The latter episodes were incredibly laboured, with the narrative being spelt out, as if to a child, by various characters. I think it may have always been like that, but the look and feel overwhelmed the ridiculous dialogue for a while.
If they were more clever with the body language of the main character, then the others wouldn't have had to carry the direction of the storyline so heavily verbally. Again, I think this was done well early, but kinda lost in the desperation for grogu storyline and screen time cuteness.
I'd have to watch it again, and right now it ain't worth the time.
I watched two or three episodes of The Mandalorian and was very underwhelmed. Childishly simplistic plot, but much too violent to be a kid’s show. (Although now I say that, I guess the original movies are both childish and violent.)
There’s a bit where the main character very obviously levels up and gets to choose a power-up. Then he sees somebody else with a different power-up and goes “wow, I should get one of those”. That confirmed to me that it wanted to be a videogame rather than a serious drama.
Agreed.

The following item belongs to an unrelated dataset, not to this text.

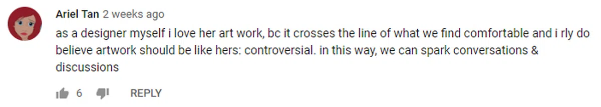 自从林琪璇开始发表这一系列的作品,观众便持有正反两极评价,也毫不拘谨地表达自己的想法。即使最近亚洲新闻台采访了她、请她介绍自己的艺术品,还是有不少网民在视频底下留言,表示不满。

First couple of episodes are so good, when I was watching it really felt like the magic from watching EpIV again, as everything felt like being introduced to a new culture far away.
It really nails the feeling of watching an old Western movie where a cowboy bonds with an innocent person who needs protection against all odds.
As far as I'm concerned, The Mandalorian started out silly (Manadalorian honor code / the fucking helmet!), disjointed and boring, then there was that garbage episode where he randomly defends a village from Bad Guys, then I gave up on it.